Any picture in the range stays out of the copy; retype exactly the lines from the one with "APK | Bij aflevering |" to the end of the listing.

- [COLLECTED DATA]:
=-=-=

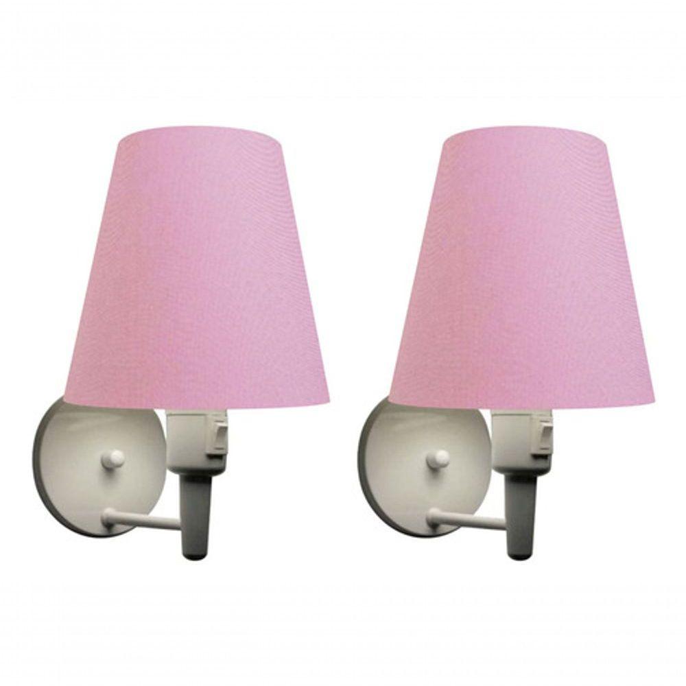 Kit-2 Arandela Cone Md-2013 Branco C- Inter Liga E Desl Cúpula Em Tecido Rosa Bebê - Bivolt
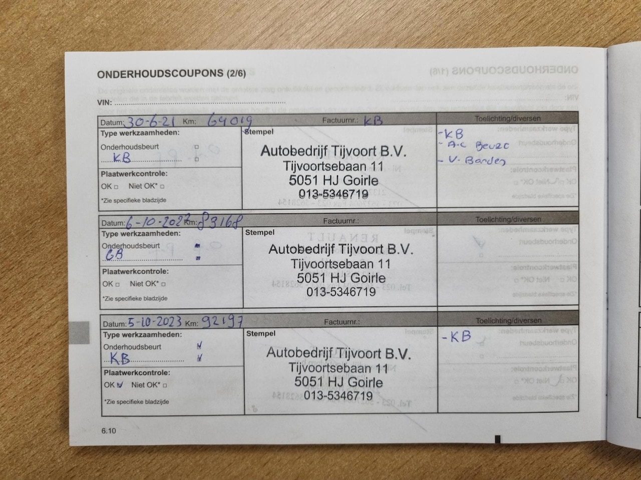 APK | Bij aflevering |
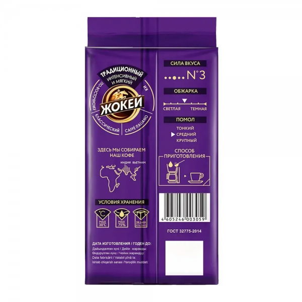 Средний помол, средняя обжарка, традиционный, интенсивный и мягкий вкус.

=-=-=

- [SOLUTION FOR THIS PROBLEM]:
 APK | Bij aflevering |
 Средний помол, средняя обжарка, традиционный, интенсивный и мягкий вкус.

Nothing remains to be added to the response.